TO DO: For the data below, restate word for word only the lines from the line containing "При отсутствии основы, и" through the line containing "304不锈钢锅铲蘑菇铲锅铲木柄把手厨房铲勺炒菜铲子漏勺厨具 爆款", both ends included.

[Dataset excerpts]

┄┄┄┄┄┄┄┄┄┄

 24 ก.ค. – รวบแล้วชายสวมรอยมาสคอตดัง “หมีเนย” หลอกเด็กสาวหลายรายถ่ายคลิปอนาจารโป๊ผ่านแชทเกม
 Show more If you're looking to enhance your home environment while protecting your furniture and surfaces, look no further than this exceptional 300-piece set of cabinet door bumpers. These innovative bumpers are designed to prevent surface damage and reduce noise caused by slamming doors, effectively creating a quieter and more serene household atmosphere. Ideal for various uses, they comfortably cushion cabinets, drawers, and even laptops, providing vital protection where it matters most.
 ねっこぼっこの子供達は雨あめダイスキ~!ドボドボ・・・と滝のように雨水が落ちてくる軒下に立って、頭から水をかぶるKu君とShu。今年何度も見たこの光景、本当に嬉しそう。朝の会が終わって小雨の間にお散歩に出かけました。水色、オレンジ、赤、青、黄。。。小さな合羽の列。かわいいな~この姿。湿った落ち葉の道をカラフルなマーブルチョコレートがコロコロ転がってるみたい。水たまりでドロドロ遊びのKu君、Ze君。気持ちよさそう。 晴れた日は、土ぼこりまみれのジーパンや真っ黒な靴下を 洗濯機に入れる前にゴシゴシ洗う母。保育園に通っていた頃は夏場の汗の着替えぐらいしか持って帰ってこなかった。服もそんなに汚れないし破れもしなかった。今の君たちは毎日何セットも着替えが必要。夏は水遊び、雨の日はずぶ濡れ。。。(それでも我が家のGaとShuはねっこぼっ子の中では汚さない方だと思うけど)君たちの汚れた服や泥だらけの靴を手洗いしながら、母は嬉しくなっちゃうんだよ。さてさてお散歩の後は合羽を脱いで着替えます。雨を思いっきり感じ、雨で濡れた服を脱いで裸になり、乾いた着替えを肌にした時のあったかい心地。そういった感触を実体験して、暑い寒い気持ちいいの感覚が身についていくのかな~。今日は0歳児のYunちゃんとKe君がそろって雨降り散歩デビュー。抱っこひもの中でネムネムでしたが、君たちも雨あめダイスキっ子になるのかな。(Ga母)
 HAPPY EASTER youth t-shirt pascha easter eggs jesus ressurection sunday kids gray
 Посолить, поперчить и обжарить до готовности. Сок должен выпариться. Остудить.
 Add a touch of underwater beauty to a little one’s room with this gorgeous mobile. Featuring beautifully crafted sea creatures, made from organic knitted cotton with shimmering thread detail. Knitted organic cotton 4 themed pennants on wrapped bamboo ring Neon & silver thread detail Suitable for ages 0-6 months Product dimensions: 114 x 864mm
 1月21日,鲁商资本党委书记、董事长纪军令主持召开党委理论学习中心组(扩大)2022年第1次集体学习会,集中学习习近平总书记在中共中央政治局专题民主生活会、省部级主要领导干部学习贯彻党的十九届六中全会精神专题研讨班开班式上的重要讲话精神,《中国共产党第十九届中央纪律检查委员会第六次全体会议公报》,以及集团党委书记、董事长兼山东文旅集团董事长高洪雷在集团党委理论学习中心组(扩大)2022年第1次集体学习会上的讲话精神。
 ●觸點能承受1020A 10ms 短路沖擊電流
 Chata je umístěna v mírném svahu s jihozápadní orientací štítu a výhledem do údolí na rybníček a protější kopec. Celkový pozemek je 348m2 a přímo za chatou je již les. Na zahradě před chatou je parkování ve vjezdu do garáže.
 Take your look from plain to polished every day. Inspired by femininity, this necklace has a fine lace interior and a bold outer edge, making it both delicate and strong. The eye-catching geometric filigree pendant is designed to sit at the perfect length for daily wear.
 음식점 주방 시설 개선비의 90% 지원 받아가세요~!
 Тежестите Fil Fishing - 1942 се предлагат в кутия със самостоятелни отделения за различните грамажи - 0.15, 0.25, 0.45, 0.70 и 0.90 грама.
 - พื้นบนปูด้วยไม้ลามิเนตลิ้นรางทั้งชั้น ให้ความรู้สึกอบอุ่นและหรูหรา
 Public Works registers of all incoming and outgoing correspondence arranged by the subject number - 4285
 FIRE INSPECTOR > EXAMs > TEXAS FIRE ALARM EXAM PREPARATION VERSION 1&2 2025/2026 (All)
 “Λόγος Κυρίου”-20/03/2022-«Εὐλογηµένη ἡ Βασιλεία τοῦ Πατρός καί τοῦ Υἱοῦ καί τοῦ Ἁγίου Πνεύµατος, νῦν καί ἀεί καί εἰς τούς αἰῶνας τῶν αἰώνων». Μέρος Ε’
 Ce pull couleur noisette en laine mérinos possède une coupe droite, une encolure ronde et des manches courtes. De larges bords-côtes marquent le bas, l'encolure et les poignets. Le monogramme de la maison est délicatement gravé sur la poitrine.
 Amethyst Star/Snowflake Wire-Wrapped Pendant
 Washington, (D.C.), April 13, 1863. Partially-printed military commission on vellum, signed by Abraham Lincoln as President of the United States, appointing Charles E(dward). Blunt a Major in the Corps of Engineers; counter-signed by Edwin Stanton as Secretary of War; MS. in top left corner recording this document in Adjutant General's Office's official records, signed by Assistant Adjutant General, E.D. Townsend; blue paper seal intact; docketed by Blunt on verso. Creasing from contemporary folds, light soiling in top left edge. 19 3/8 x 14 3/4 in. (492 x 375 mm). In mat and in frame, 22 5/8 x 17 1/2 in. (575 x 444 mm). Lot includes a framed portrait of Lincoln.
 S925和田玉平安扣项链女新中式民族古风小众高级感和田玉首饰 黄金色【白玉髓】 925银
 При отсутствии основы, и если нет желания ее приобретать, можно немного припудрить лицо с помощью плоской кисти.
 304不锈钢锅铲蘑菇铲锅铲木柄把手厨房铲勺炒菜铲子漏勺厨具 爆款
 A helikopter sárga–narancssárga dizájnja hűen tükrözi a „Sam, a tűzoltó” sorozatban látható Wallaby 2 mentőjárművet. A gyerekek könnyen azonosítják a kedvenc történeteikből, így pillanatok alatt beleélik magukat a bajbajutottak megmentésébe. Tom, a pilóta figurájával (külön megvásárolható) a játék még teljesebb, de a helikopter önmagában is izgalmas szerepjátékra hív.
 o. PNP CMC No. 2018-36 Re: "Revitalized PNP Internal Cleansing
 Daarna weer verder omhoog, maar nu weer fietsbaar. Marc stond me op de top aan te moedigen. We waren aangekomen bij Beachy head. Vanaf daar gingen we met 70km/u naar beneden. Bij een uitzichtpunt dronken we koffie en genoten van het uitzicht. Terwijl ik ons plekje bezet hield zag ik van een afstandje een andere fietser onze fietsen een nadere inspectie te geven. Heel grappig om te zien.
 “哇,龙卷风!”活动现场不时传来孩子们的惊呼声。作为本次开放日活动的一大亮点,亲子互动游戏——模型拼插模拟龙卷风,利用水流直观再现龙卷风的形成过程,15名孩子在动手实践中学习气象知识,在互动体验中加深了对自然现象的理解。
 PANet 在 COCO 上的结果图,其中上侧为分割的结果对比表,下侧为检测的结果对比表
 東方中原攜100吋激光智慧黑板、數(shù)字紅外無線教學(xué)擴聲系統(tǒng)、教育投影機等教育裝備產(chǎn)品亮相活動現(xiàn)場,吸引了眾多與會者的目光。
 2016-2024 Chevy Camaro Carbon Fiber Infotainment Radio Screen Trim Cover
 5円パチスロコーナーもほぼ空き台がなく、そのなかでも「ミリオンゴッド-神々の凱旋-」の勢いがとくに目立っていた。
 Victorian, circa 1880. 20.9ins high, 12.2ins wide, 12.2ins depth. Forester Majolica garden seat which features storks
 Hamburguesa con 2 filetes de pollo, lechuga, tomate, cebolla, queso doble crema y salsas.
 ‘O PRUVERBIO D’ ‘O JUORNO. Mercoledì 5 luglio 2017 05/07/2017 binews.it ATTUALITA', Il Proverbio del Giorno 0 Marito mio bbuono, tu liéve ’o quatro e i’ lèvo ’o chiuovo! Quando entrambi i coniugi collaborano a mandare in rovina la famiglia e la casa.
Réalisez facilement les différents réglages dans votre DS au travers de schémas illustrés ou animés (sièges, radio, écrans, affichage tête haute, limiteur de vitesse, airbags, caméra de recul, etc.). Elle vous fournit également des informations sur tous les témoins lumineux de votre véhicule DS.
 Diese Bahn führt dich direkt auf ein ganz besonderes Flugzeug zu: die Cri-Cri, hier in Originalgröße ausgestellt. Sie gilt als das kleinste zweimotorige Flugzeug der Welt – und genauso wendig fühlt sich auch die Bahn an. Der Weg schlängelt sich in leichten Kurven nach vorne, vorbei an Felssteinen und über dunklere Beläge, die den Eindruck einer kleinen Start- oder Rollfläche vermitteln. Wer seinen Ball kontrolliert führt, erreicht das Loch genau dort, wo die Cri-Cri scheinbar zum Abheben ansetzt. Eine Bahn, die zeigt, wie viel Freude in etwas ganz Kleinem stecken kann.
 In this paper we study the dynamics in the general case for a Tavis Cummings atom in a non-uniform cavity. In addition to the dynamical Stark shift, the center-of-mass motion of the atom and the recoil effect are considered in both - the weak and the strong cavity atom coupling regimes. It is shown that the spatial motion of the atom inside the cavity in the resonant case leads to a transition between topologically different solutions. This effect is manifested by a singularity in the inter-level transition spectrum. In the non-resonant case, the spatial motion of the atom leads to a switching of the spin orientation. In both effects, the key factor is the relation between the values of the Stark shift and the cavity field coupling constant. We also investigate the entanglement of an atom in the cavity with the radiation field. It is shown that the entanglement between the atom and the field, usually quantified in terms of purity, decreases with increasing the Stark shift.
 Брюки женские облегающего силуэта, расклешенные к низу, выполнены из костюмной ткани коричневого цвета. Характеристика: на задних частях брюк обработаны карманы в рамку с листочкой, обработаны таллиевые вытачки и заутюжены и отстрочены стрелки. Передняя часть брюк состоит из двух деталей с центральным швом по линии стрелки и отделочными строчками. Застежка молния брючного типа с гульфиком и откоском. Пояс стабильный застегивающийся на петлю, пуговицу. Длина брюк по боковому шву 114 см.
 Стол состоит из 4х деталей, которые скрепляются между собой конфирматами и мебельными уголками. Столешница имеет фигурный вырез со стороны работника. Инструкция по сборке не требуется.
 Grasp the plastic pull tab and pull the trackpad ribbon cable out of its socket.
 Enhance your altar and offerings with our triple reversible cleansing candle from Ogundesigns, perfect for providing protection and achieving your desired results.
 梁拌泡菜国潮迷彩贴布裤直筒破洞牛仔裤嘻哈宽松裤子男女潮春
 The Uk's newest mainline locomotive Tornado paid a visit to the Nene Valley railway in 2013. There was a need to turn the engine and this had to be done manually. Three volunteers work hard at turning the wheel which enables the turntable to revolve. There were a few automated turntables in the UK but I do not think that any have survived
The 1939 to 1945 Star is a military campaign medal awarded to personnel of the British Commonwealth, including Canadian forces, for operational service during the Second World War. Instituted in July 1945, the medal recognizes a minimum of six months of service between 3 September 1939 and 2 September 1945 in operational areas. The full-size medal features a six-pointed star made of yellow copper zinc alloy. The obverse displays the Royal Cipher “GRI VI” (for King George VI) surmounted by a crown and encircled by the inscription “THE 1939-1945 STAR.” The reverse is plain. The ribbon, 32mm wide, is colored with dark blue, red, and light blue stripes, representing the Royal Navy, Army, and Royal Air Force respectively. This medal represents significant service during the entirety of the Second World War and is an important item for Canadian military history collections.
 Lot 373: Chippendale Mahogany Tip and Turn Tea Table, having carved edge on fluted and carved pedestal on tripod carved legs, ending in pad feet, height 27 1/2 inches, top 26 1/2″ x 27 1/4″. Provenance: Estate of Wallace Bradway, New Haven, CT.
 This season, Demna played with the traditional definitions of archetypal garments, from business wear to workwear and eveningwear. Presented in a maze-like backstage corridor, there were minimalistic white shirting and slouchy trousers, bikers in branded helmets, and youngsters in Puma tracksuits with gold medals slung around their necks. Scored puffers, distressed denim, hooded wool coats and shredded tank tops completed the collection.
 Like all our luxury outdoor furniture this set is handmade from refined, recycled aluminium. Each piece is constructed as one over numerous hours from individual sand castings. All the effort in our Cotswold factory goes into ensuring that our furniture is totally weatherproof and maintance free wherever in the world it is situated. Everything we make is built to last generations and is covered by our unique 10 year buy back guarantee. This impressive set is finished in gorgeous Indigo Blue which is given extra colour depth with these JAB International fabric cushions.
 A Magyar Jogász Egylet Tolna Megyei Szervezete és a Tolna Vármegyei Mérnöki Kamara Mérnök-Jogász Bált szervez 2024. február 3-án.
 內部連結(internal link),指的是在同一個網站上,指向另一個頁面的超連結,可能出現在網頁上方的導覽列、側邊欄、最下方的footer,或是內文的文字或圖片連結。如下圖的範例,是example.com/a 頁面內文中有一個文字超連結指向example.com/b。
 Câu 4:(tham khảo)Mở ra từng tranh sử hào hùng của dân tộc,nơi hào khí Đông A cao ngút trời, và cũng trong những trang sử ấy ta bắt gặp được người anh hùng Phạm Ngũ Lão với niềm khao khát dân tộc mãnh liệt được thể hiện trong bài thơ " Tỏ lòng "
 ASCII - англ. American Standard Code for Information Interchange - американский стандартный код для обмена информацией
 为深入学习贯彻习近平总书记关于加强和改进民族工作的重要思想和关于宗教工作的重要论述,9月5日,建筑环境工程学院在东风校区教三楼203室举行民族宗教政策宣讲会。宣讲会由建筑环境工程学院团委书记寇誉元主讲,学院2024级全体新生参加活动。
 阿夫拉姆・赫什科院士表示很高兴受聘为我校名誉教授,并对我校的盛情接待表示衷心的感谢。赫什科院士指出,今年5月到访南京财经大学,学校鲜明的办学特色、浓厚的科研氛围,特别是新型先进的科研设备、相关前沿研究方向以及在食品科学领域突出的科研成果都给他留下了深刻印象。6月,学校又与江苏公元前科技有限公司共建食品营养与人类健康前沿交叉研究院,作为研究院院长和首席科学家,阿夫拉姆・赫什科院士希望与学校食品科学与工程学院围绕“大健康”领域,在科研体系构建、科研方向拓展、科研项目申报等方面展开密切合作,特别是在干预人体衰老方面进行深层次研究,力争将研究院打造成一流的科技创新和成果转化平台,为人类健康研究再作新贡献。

┄┄┄┄┄┄┄┄┄┄

FINISHED TASK:
 При отсутствии основы, и если нет желания ее приобретать, можно немного припудрить лицо с помощью плоской кисти.
 304不锈钢锅铲蘑菇铲锅铲木柄把手厨房铲勺炒菜铲子漏勺厨具 爆款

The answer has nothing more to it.